_WORK TASK:_ The reply should match the listing below character for character, except that no image is carried over.

DATA BLOCK section start

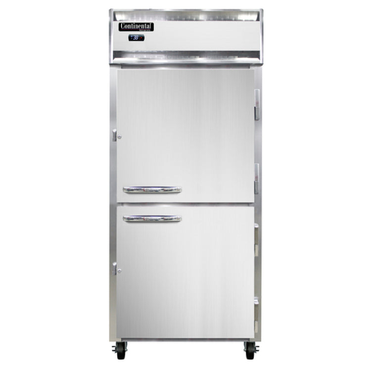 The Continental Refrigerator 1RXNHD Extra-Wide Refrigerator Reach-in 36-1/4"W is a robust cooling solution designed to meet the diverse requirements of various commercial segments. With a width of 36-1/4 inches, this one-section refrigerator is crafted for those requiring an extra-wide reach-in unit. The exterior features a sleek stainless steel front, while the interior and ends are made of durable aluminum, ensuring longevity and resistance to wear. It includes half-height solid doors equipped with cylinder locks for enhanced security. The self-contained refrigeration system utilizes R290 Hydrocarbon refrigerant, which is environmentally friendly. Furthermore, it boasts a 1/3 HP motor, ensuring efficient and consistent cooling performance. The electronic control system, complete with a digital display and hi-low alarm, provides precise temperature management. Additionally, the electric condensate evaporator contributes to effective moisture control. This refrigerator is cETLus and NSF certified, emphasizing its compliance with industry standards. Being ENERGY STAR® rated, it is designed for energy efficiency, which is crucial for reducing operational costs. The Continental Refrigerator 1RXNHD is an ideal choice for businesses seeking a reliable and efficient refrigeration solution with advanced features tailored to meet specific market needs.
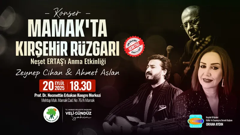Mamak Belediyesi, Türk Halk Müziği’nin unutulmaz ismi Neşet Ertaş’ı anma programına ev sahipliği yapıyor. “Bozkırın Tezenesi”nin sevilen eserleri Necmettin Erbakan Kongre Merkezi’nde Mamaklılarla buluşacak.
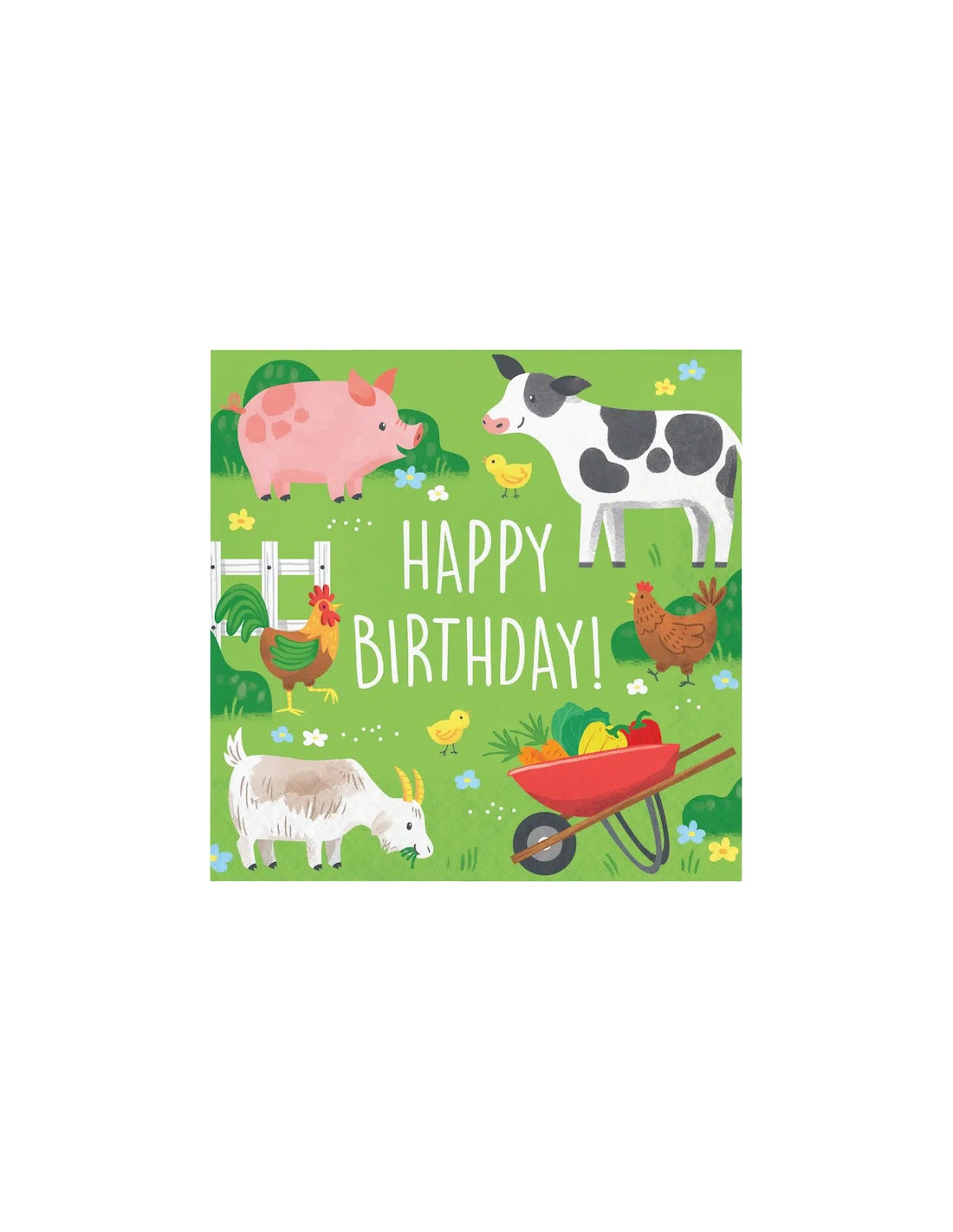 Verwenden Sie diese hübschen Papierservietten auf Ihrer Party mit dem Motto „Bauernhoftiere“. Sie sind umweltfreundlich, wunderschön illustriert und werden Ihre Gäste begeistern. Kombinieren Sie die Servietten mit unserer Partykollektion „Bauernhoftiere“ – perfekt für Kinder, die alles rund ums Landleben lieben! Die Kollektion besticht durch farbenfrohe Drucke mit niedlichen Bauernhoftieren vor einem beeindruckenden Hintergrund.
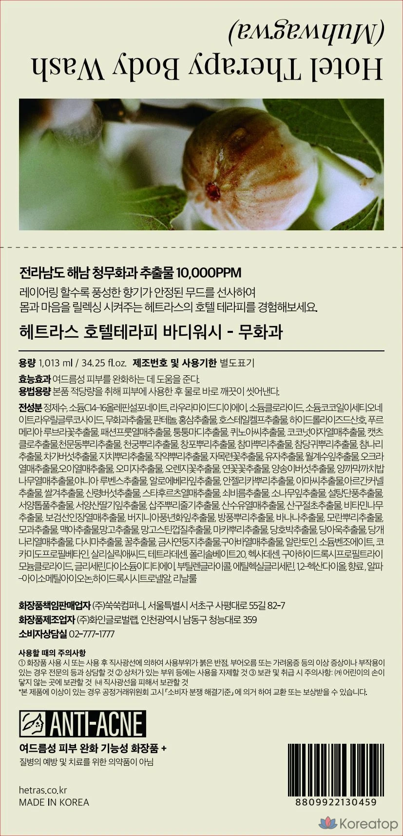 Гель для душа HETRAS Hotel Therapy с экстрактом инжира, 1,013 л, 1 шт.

DATA BLOCK section end

_EXERCISE SOLUTION:_
 The Continental Refrigerator 1RXNHD Extra-Wide Refrigerator Reach-in 36-1/4"W is a robust cooling solution designed to meet the diverse requirements of various commercial segments. With a width of 36-1/4 inches, this one-section refrigerator is crafted for those requiring an extra-wide reach-in unit. The exterior features a sleek stainless steel front, while the interior and ends are made of durable aluminum, ensuring longevity and resistance to wear. It includes half-height solid doors equipped with cylinder locks for enhanced security. The self-contained refrigeration system utilizes R290 Hydrocarbon refrigerant, which is environmentally friendly. Furthermore, it boasts a 1/3 HP motor, ensuring efficient and consistent cooling performance. The electronic control system, complete with a digital display and hi-low alarm, provides precise temperature management. Additionally, the electric condensate evaporator contributes to effective moisture control. This refrigerator is cETLus and NSF certified, emphasizing its compliance with industry standards. Being ENERGY STAR® rated, it is designed for energy efficiency, which is crucial for reducing operational costs. The Continental Refrigerator 1RXNHD is an ideal choice for businesses seeking a reliable and efficient refrigeration solution with advanced features tailored to meet specific market needs.
Mamak Belediyesi, Türk Halk Müziği’nin unutulmaz ismi Neşet Ertaş’ı anma programına ev sahipliği yapıyor. “Bozkırın Tezenesi”nin sevilen eserleri Necmettin Erbakan Kongre Merkezi’nde Mamaklılarla buluşacak.
 Verwenden Sie diese hübschen Papierservietten auf Ihrer Party mit dem Motto „Bauernhoftiere“. Sie sind umweltfreundlich, wunderschön illustriert und werden Ihre Gäste begeistern. Kombinieren Sie die Servietten mit unserer Partykollektion „Bauernhoftiere“ – perfekt für Kinder, die alles rund ums Landleben lieben! Die Kollektion besticht durch farbenfrohe Drucke mit niedlichen Bauernhoftieren vor einem beeindruckenden Hintergrund.
 Гель для душа HETRAS Hotel Therapy с экстрактом инжира, 1,013 л, 1 шт.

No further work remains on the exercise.